Property investors share how many properties they own while on a boat
A clip of property investors partying on a boat has gone viral, and some Australians are arguing that it shows “everything wrong” with Sydney.
A group of property investors on a boat on Sydney Harbour sharing the number of homes they own has divided viewers online.
The clip was posted by The Scouting Australia Podcast, a property investing strategy podcast co-hosted by buyer’s agent Sam Gordon and property investor Jimmy Ibrahim.
The people on the boat all work for Australian Property Scout, a property investment firm that claims to help people retire by 50.
The clip’s caption on TikTok reads, “From admin to the top we are all property investors at APS”.
The person behind the camera goes around the boat, where people are drinking and celebrating, asking them, “How many investment properties do you have?”
One man wearing a party shirt replies, “Not enough! We only have two”, and that pretty much sets the tone.
From there, people happily stop celebrating to reveal just how many properties they own, the highest being a man wearing sunglasses who shares that he owns 16 properties.
The lowest being a woman who shares that she only owns one investment property.
Quite a few people admit to owning seven or five properties, and one claimed to own 12 investment properties.
Some people commented and shared that they found the clip inspiring.
Someone called them “weapons”, and someone else praised the gang and said they were “smashing it”.

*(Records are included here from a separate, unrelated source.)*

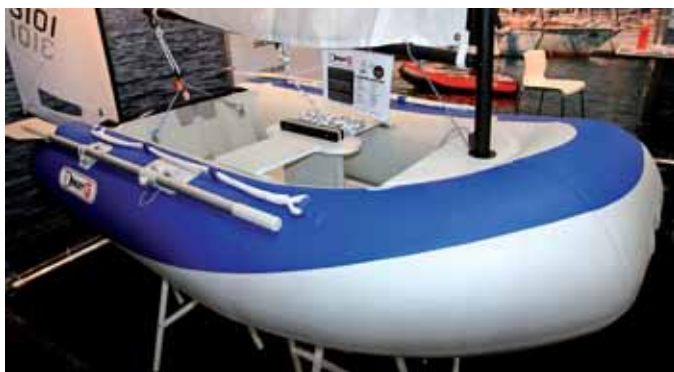
Надувнушка с «настоящим» парусным вооружением и центральным швертом DinghyGo из Нидерландов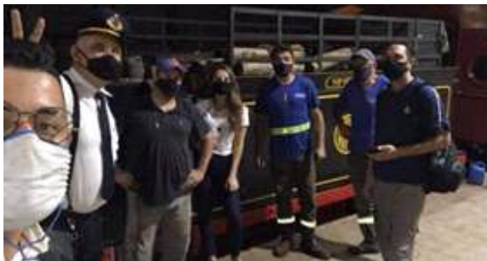
♦ Equipe do Trem Caiçara e voluntários aplicando novo piso no carro administrativo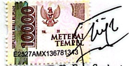
Taffy Farq Syahmi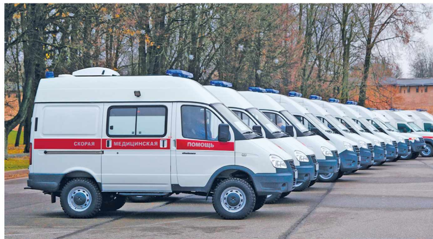
▶ Четыре новых автомобиля скорой помощи предназначены для Великого Новгорода

Четыре новых автомобиля останутся в Великом Новгороде, два передадут в Боровичи и по одному – в деревню Пятилицы, на железнодорожную станцию Уторгош, в Малую Вишеру, Окуловку и Хвойную. Все они оснащены необходимым медицинским оборудованием и предназначены для проведения лечебных мероприятий скорой помощи силами врачебной бригады, для транспортировки и мониторинга состояния пациентов на догоспитальном этапе.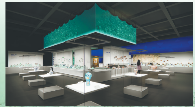
南海西北陆坡一号二号沉船考古成果特展展厅效果图。

我们也不能忘记,每一艘沉船背后都是一场海难,许多船员的生命永远定格在了500多年前的那一刻。在欣赏文物珍品的同时,我们亦应铭记那些在汪洋大海上苦苦求索的先民。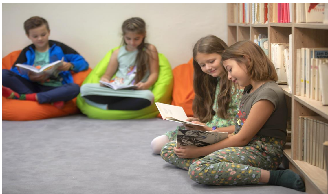
Foto: Relaxační a vzdělávací místnosti naší školy

Běžnou údržbu všech budov školy a celého venkovního areálu včetně hřiště provádí školník s plným úvazkem 1,00. K dispozici je mu formou pronájmu za úplatu školní byt, neboť v objektu v době mimo provoz školy zajišťuje její bezpečnostní dohled. Řídí také práci 7 uklízeček. Přepočtený počet pracovníků úklidu je 5,5. Ve školní jídelně pracuje 6 zaměstnanců včetně vedoucí školní jídelny . Přepočtený počet pracovníků v ŠJ je 7, doplnění stavu kuchařů o 1 pracovníka se stále nedaří. I přesto jídelna denně vaří cca 600 obědů, z toho cca 80 obědů je doplňková činnost (cizí strážníci). Od září 2025 zajišťuje jídelna stravování denního centra Žirafa, z.s., což je denní centrum pro děti s poruchami autistického spektra..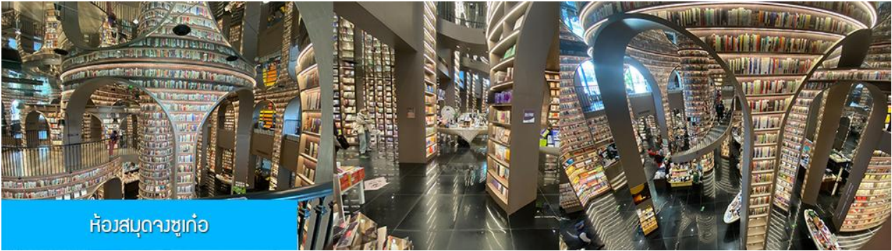
ห้องสมุดจชชู่เก๋อ

พักที่ โรงแรม MINGZHISHANGCHUN HOTEL ระดับ 4 ดาวท้องถิ่นหรือเทียบเท่าในเมืองคูเจียงเยียน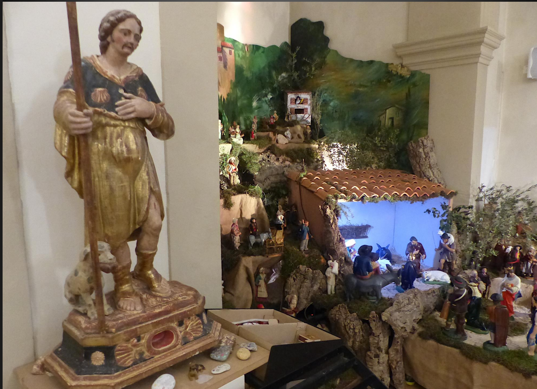
Eglise Saint-Trophime _ La statue de saint Roch rappelle aux paroissiens que la Saint de Montpellier a protégé le village de la Grande Peste de 1720 qui ravageait la Provence...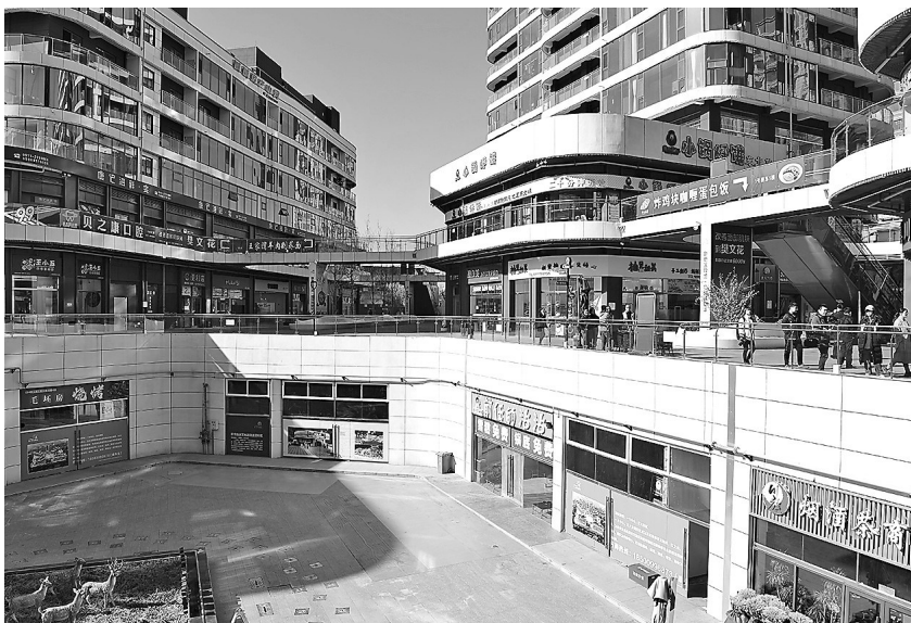
● 延安上城新世纪K-PARK项目

工建设延安上城新世纪K-PARK项目。该项目总占地38.03亩，建筑面积6.1万平方米，其中地上建筑面积4.1万平方米，地下面积2万平方米，总投资1.8亿元，2022年9月建成投入运营，倾力打造集运动休闲、娱乐、餐饮、购物为一体的新生活体验地。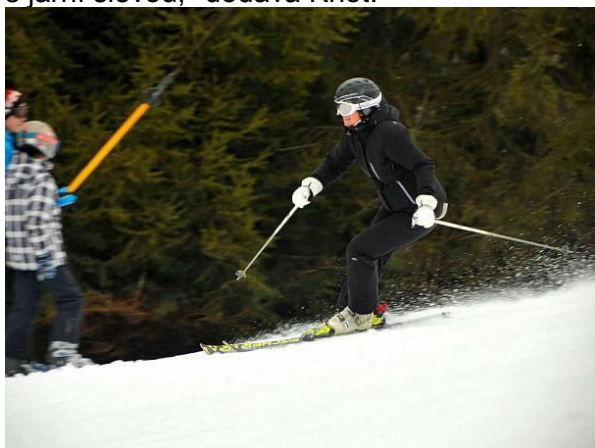
Ilustrační fotoAutor: DENÍK/Lukáš Kaboň

„Díky investicím do zasněžovacích systémů se lyžařské podmínky na českých horách daří udržet i přes nepříznivý klimatický průběh zimy,“ říká Libor Knot z Asociace horských středisek ČR. Přes týden je na sjezdovkách zcela volno, o víkendech jsou zase pro návštěvníky připraveny nejrůznější doplňkové a zábavní akce. Ve většině středisek se navíc dá pořídít již levnější skipas s jarní slevou,“ dodává Knot.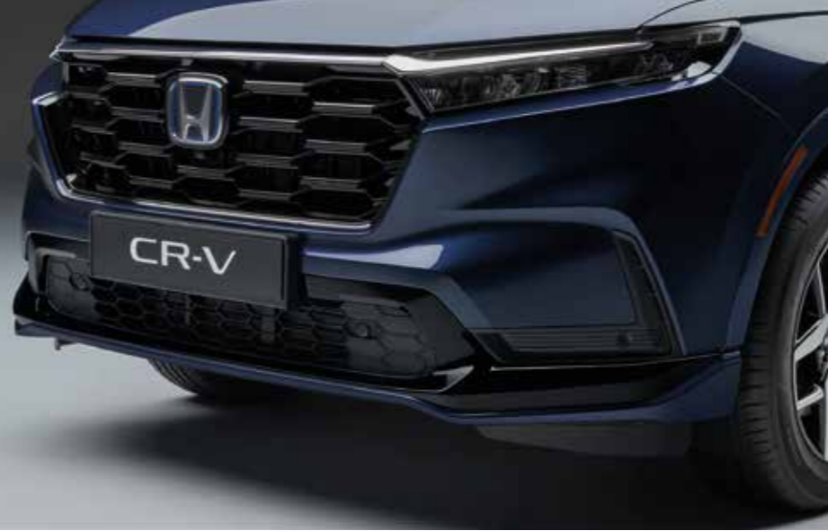
AERODYNAMISCH GEFORMTER FRONTSTOSSFÄNGER Verleihen Sie Ihrem Fahrzeug ein unverkennbar dynamisches Styling mit unserem Frontstoßfänger in Wagenfarbe und Akzenten in Berlina Black.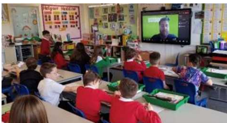
Cwis yr Urdd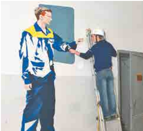
Размер картины – 2,5х3,5 м.

– Однажды меня попросили сфотографироваться во время работы. Вскоре я увидел, как в коридоре художник рисует огромную картину. В главном герое узнал себя, – рассказал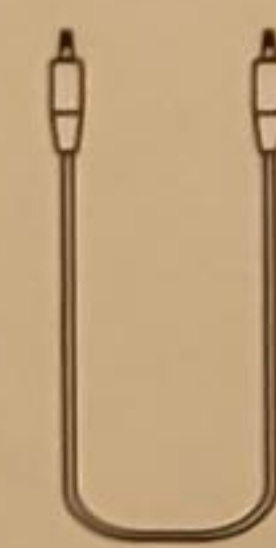
AUX Cable AudioKabel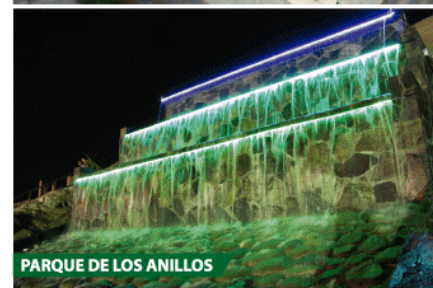
PARQUE DE LOS ANILLOS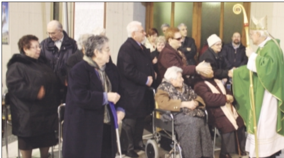
Al termine della S. Messa il vescovo ha salutato gli ammalati presenti

Nell'omelia il Vescovo prendendo spunto dalle parole della prima lettura (Sir 15,16-21): "Davanti agli uomini stanno la vita e la morte, il bene e il male: a ognuno sarà dato ciò che a lui piacerà", ha evidenziato come ciascuno di noi sia posto davanti ad una scelta fondamentale nella vita: fare del bene e donare amore oppure fare del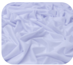
#1380001 | ITI WOOLUE BRANCO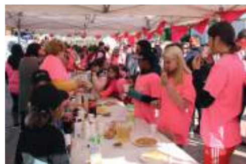
Pot de l'amitié offert par la municipalité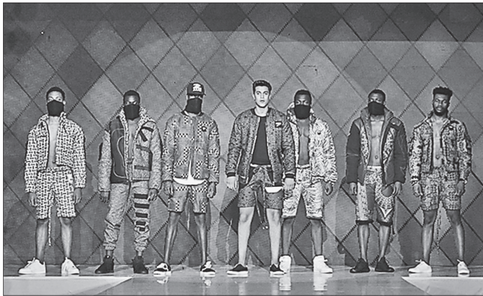
Чоловіки також хочуть бути красивими

«Організація конкурсу, рівень робіт, — ділиться враженнями член журі Анжеліка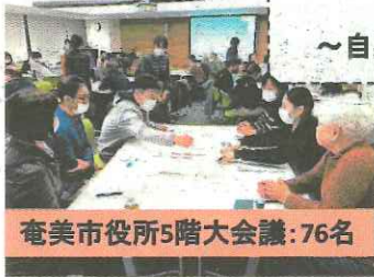
奄美市役所5階大会議: 76名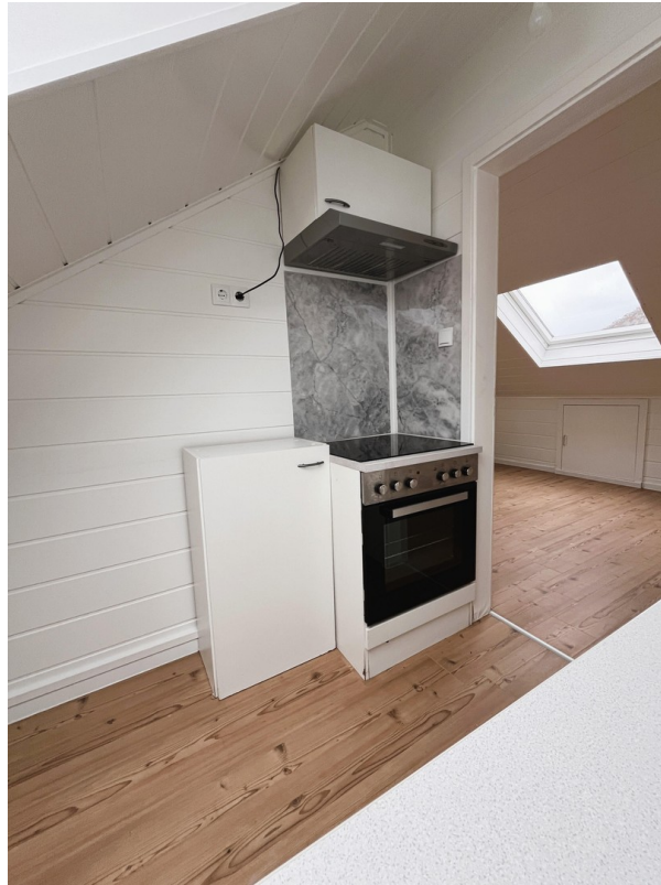
Küche rechts mit Ofen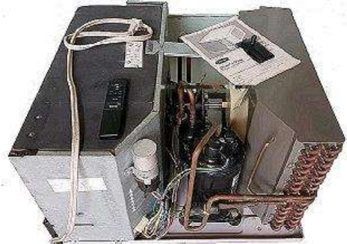
Equipo acondicionador sin gabinete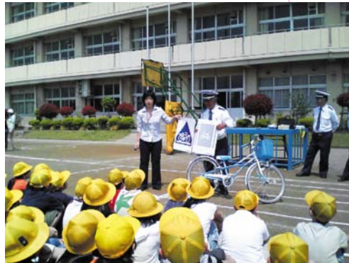
小学生に交通ルールを教える交通安全教室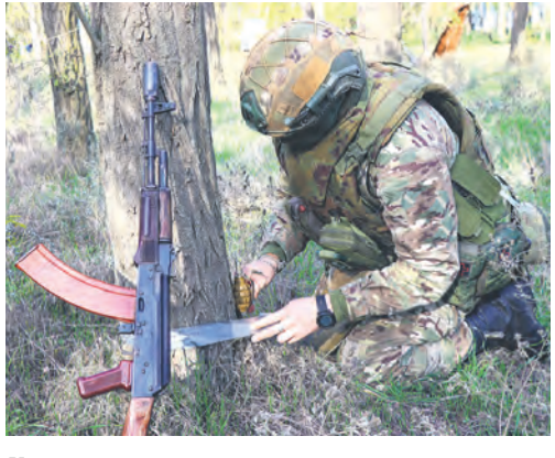
Установка «растяжки» в месте возможного наступления противника.

“Great example for your clients,” one noted.
However, the clip also generated quite a bit of backlash from people finding it more tone-deaf than inspiring.
Australia is in a housing crisis. The median rental price nationally is over $600 a week, and the median house price, according to the Australian Bureau of Statics, has risen to over $900,000.
Finder also reported that 47 per cent of homeowners struggled to pay their mortgages in October 2024.
There’s no affordable way to live left.
“Everything wrong with Sydney in a reel,” one person complained.
The Australian Property Scout Instagram account replied and said, “Barely any of the properties are in Sydney”.
“You make it so easy to hate you,” another noted, prompting a reply from the owner of the business, Sam Gordon, who claimed, “the feeling is mutual”.
“Big Short vibes,” someone else wrote, a reference to the Adam McKay movie that examines the 2008 financial crisis.
“The whole reason Australia is in a rental crisis right now all on one boat,” one commenter claimed and the Mr Gordon’s business account replied and called it an “silly and uneducated” comment.
“What is wrong with this f**king country?” another asked.
“So crass and selfish,” someone wrote.
Another person wrote that you “only need one” property and people “wonder why we have [a] housing crisis”.
Mr Gordon replied and said, “Australia needs private rental properties less than 1 per cent is provided by the government.”
“Most of people can’t even afford one property and small groups of people have multiple expensive properties which are rented out for very high prices,” the person argued back.
“Okay so what’s the solution? If every landlord in Australia sold out there would be no rental properties and where would you or I live?” Mr Gordon asked.
“The government made the decision in the eighties to go away from social housing and turned to private investors to provide this.
“To say all properties are very expensive and rented very high is a massive generalisation - most landlords lose money holding their properties every year compared to the rent they receive.”
News.com.au has reached out to Australian Property Scout for comment.
According to financial comparison website Finder’s Wealth Building Report, nine per cent of Australians surveyed own at least one investment property.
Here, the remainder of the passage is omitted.